▶

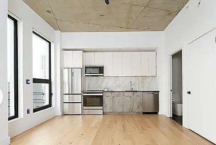 Introducing 312 Broadway, Brooklyn's finest boutique rental development consisting of sleek and spacious studio, one- and two-bedroom residences with generous layouts, striking interiors and exceptional amenities amongst Williamsburg's sophisticated and flourishing south side. Surrounded by a diverse array of parks, shops, restaurants and nightlife, 312 Broadway offers the unparalleled urban lifestyle package in the heart of the borough's best neighborhood. Unit 5E is an Industrial chic living space, with an expansive city view. One of the most coveted units in the building, this Northwest facing unit, features white oak hardwood floors, 11' exposed concrete ceilings, electric vented washer/dryers and imported triple-paned tilt-and-turn sound engineered windows for abundant natural light and whisper-quiet tranquility. Contemporary kitchens, designed with practicality and beauty in mind, offer GE stainless steel appliances and dramatic drip pendant lighting, while black Caesarstone countertops set against white melamine cabinetry adds an element of striking ambience. Outfitted with polished chrome fixtures and full white subway tiled walls, soothing monochrome bathrooms include [deep soaking tubs], [rainfall steam showers] and custom mirrored vanities with plenty of storage space. Experience the best of modern boutique living with a virtual doorman, elevator, individual bicycle storage, *private onsite parking with electrical charging ports and landscaped common roof deck with spectacular views of the Manhattan skyline and magnificent Williamsburg Bridge. The J, M Z trains, located seconds away from your front door, offer a swift and easy commute into Manhattan.
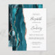 The left-hand edge of this elegant modern wedding invitation features a teal watercolor agate border trimmed with faux rose gold glitter. The customizable text combines handwriting, copperplate and italic fonts in charcoal gray on a white background. The reverse side features a matching teal and rose gold agate design. NOTE: Envelopes are not automatically included with these budget invitations, so please remember to choose the "white envelopes" option!
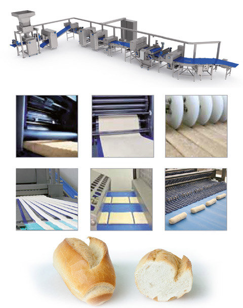 The Pao Frances production line is based on the following system; an overlay system consisting of a chunker to receive dough batches from the mixer, LSS dough plate system, Quick Reducer, Gauging Station, Cutting Knives to cut lanes, Spreader Belt, Guillotine, Water Sprayer and Mould to form the Pao Frances.
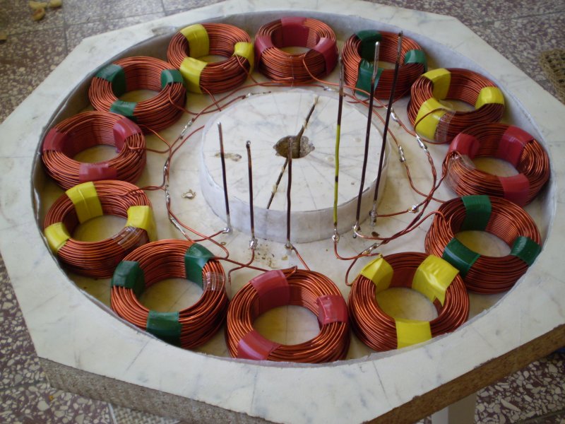 A Hugh Piggott féle generátornál a nagyobb rotor,ill sztator átmérő nagyobb kerületi sebességet,ill. kissebb fordulatot jelent ugyanarra a teljeitményre.A tekercstömb kiöntése messze nem olyan bonyolult mint elsöre látszik.Egy megfelelő méretü és formáju sablonba elhelyezed a tekercseket,elkészited a bekötéseket,utána jöhet a kétkomponensü poliészter beöntése.Kissebb,ill közepes méretü generátorhoz böven elég 1, 1,5 kg.-nyi poliészter,csak a reaktivbol(bután) tegyél 15,-20 százalékkal kevesebbett az ajánlottnál,igy lassabban köt,és föleg nem fog repedezni.Másféle lakkal nem érdemes kisérletezni,nekem legalábbis ez vált be a legjobban.Az ,,,átlapolás,,, nem jó mert csak nagyon vékony drottal lehet tekerni,ami nagyon megnöveli a generátor belső ellenállását.Egy jol megépitett generátorba csak annyi anyagot kell(tekercset) kell beépiteni,amennyi feltétlenül szükséges a jó müködéshez.A mindenféle felesleges tulméretezés csak kolonc a generátor ,,,nyakán,,,
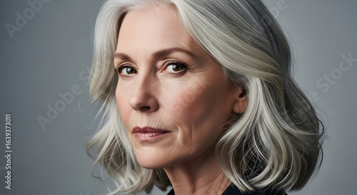 Elegant Mature Woman Silver Hair Professional Portrait Studio Shot Beauty Confidence Grey Hair Older Adult Female Model
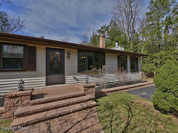 Pocono Paradise Featuring 2+ Acres In Sought-After Wagner Forest Park! Unique 4-5 Bedroom, 2 Full Bath Ranch Style Home Offering Nearly 3,000 SqFt w/ 2 Story Addition & Fully Finished Basement. Updated Kitchen Offers Plenty Of Cabinets & Counter Space As Well As Newer Stainless Steel Appliances & Open Concept To Dining Area. Living Room Showcases Stone-Faced Multi-Use Fireplace, Wood Beams, Large Windows & Sliding Doors To Deck w/ Awning! Lower Level Boasts Family Room w/ Brick-Faced Propane Fireplace, Dry Bar w/ Built-In Shelving, Laundry Room & Possible 5th Bedroom. Exterior Highlights Beautiful, Flat Tree-Lined Acreage Offering Front & Rear Lawns, Firepit & Long Paved Driveway w/ Expansive Parking Pad Leading To 2 Car Garage w/ Attached Carport! Total Taxes Less Than $4,000/Year. A MUST SEE!
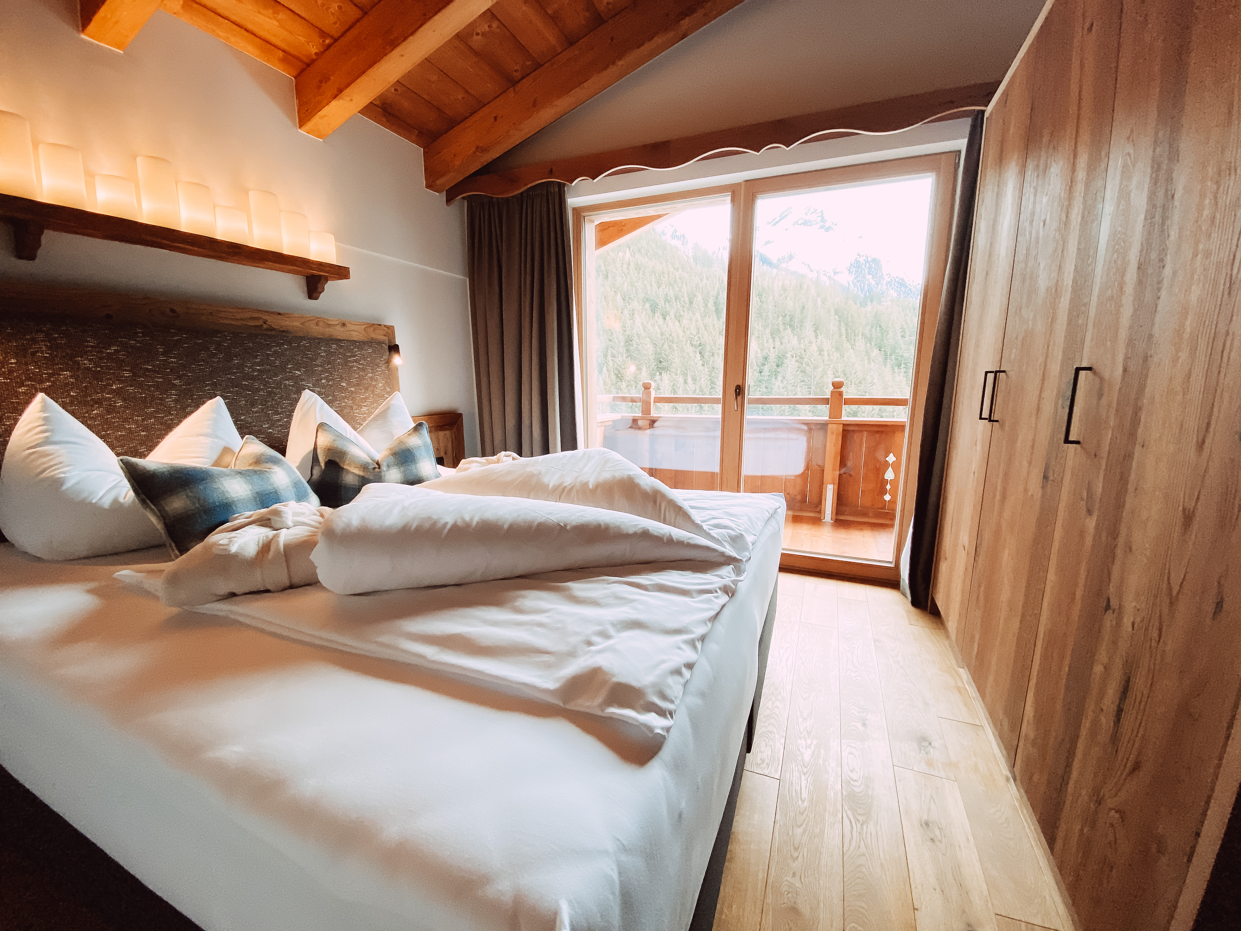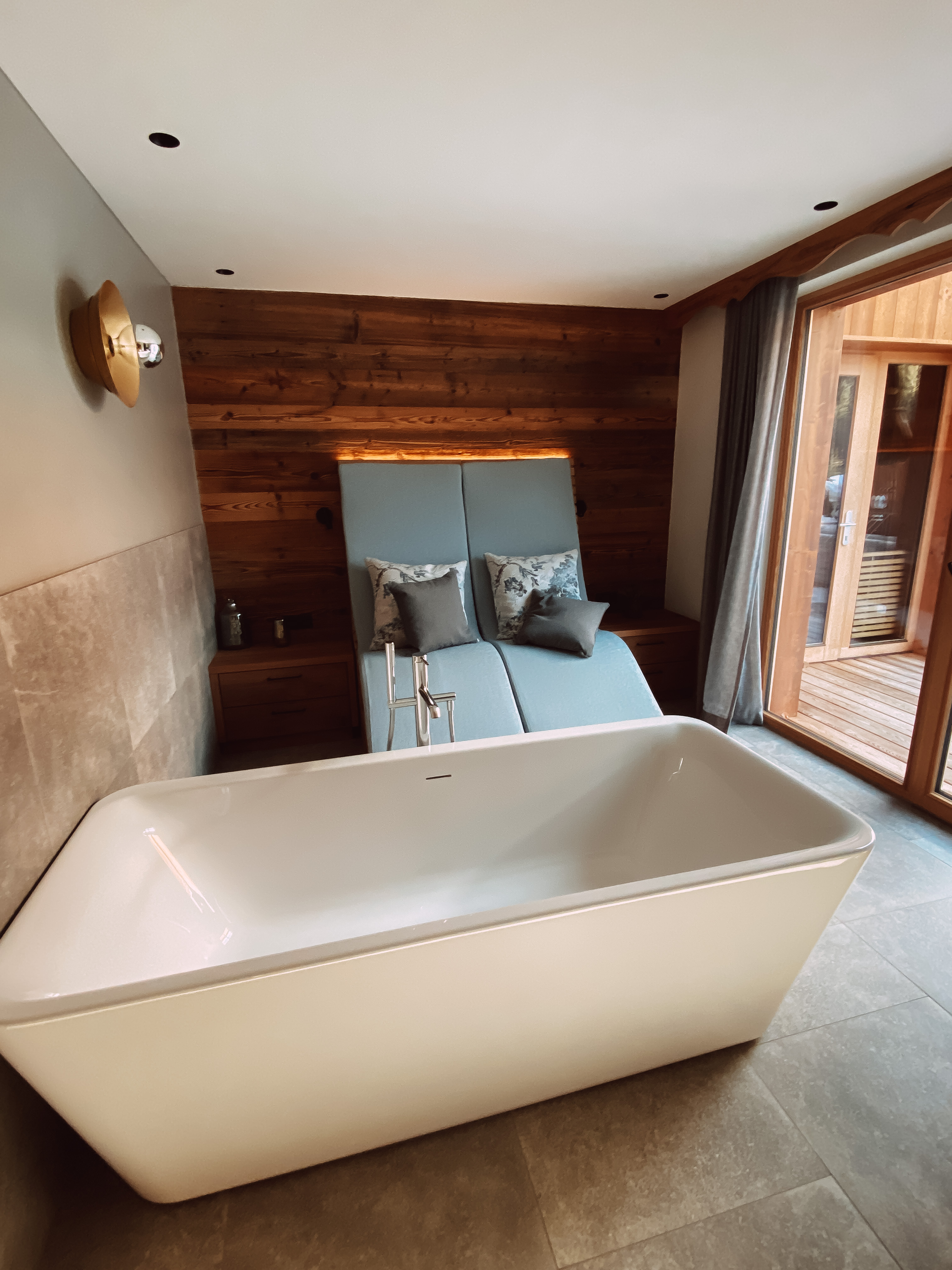 Ein eigenes Chalet für die ganze Familie. Bis zu 8 Personen können hier auf 125qm wohnen und schlafen. Kamin, eigene Sauna, Spa Bereich und eine Natursteinwanne auf der Terrasse.

◀

▶ _Assignment_: From the first line to the last, set down the records above exactly and skip the pictures.

▶ _Answer section_:
 Introducing 312 Broadway, Brooklyn's finest boutique rental development consisting of sleek and spacious studio, one- and two-bedroom residences with generous layouts, striking interiors and exceptional amenities amongst Williamsburg's sophisticated and flourishing south side. Surrounded by a diverse array of parks, shops, restaurants and nightlife, 312 Broadway offers the unparalleled urban lifestyle package in the heart of the borough's best neighborhood. Unit 5E is an Industrial chic living space, with an expansive city view. One of the most coveted units in the building, this Northwest facing unit, features white oak hardwood floors, 11' exposed concrete ceilings, electric vented washer/dryers and imported triple-paned tilt-and-turn sound engineered windows for abundant natural light and whisper-quiet tranquility. Contemporary kitchens, designed with practicality and beauty in mind, offer GE stainless steel appliances and dramatic drip pendant lighting, while black Caesarstone countertops set against white melamine cabinetry adds an element of striking ambience. Outfitted with polished chrome fixtures and full white subway tiled walls, soothing monochrome bathrooms include [deep soaking tubs], [rainfall steam showers] and custom mirrored vanities with plenty of storage space. Experience the best of modern boutique living with a virtual doorman, elevator, individual bicycle storage, *private onsite parking with electrical charging ports and landscaped common roof deck with spectacular views of the Manhattan skyline and magnificent Williamsburg Bridge. The J, M Z trains, located seconds away from your front door, offer a swift and easy commute into Manhattan.
 The left-hand edge of this elegant modern wedding invitation features a teal watercolor agate border trimmed with faux rose gold glitter. The customizable text combines handwriting, copperplate and italic fonts in charcoal gray on a white background. The reverse side features a matching teal and rose gold agate design. NOTE: Envelopes are not automatically included with these budget invitations, so please remember to choose the "white envelopes" option!
 The Pao Frances production line is based on the following system; an overlay system consisting of a chunker to receive dough batches from the mixer, LSS dough plate system, Quick Reducer, Gauging Station, Cutting Knives to cut lanes, Spreader Belt, Guillotine, Water Sprayer and Mould to form the Pao Frances.
 A Hugh Piggott féle generátornál a nagyobb rotor,ill sztator átmérő nagyobb kerületi sebességet,ill. kissebb fordulatot jelent ugyanarra a teljeitményre.A tekercstömb kiöntése messze nem olyan bonyolult mint elsöre látszik.Egy megfelelő méretü és formáju sablonba elhelyezed a tekercseket,elkészited a bekötéseket,utána jöhet a kétkomponensü poliészter beöntése.Kissebb,ill közepes méretü generátorhoz böven elég 1, 1,5 kg.-nyi poliészter,csak a reaktivbol(bután) tegyél 15,-20 százalékkal kevesebbett az ajánlottnál,igy lassabban köt,és föleg nem fog repedezni.Másféle lakkal nem érdemes kisérletezni,nekem legalábbis ez vált be a legjobban.Az ,,,átlapolás,,, nem jó mert csak nagyon vékony drottal lehet tekerni,ami nagyon megnöveli a generátor belső ellenállását.Egy jol megépitett generátorba csak annyi anyagot kell(tekercset) kell beépiteni,amennyi feltétlenül szükséges a jó müködéshez.A mindenféle felesleges tulméretezés csak kolonc a generátor ,,,nyakán,,,
 Elegant Mature Woman Silver Hair Professional Portrait Studio Shot Beauty Confidence Grey Hair Older Adult Female Model
 Pocono Paradise Featuring 2+ Acres In Sought-After Wagner Forest Park! Unique 4-5 Bedroom, 2 Full Bath Ranch Style Home Offering Nearly 3,000 SqFt w/ 2 Story Addition & Fully Finished Basement. Updated Kitchen Offers Plenty Of Cabinets & Counter Space As Well As Newer Stainless Steel Appliances & Open Concept To Dining Area. Living Room Showcases Stone-Faced Multi-Use Fireplace, Wood Beams, Large Windows & Sliding Doors To Deck w/ Awning! Lower Level Boasts Family Room w/ Brick-Faced Propane Fireplace, Dry Bar w/ Built-In Shelving, Laundry Room & Possible 5th Bedroom. Exterior Highlights Beautiful, Flat Tree-Lined Acreage Offering Front & Rear Lawns, Firepit & Long Paved Driveway w/ Expansive Parking Pad Leading To 2 Car Garage w/ Attached Carport! Total Taxes Less Than $4,000/Year. A MUST SEE!
 Ein eigenes Chalet für die ganze Familie. Bis zu 8 Personen können hier auf 125qm wohnen und schlafen. Kamin, eigene Sauna, Spa Bereich und eine Natursteinwanne auf der Terrasse.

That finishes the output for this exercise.